RECORD EXCERPTS below:
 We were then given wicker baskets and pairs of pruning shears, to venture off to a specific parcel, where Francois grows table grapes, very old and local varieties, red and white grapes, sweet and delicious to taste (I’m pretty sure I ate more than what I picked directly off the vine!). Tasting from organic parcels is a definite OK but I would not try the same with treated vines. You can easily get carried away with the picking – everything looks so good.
End of RECORD EXCERPTS.
RECORD EXCERPTS below:
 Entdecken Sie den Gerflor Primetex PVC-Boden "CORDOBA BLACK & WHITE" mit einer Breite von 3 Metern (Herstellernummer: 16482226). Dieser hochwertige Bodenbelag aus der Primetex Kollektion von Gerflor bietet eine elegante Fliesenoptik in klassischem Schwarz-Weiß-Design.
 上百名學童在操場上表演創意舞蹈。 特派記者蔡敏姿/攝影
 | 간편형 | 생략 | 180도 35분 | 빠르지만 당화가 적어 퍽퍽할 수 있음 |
End of RECORD EXCERPTS.
RECORD EXCERPTS below:
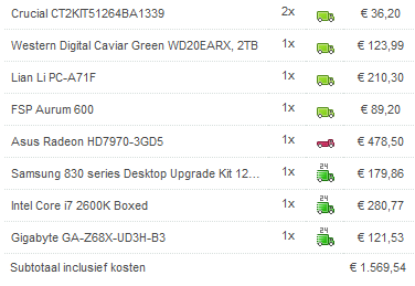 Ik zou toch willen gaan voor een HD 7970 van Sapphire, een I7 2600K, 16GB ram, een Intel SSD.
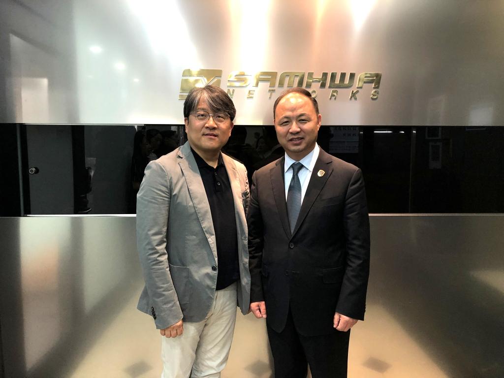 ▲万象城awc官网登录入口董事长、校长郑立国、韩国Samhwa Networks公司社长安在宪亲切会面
End of RECORD EXCERPTS.
INSTRUCTIONS FOR THE TASK:
Repeat the entries above verbatim, but only from the line that has "Entdecken Sie den" down to the line that has "적어 퍽퍽할 수 있음 |", inclusive.

RESPONSE BOX:
 Entdecken Sie den Gerflor Primetex PVC-Boden "CORDOBA BLACK & WHITE" mit einer Breite von 3 Metern (Herstellernummer: 16482226). Dieser hochwertige Bodenbelag aus der Primetex Kollektion von Gerflor bietet eine elegante Fliesenoptik in klassischem Schwarz-Weiß-Design.
 上百名學童在操場上表演創意舞蹈。 特派記者蔡敏姿/攝影
 | 간편형 | 생략 | 180도 35분 | 빠르지만 당화가 적어 퍽퍽할 수 있음 |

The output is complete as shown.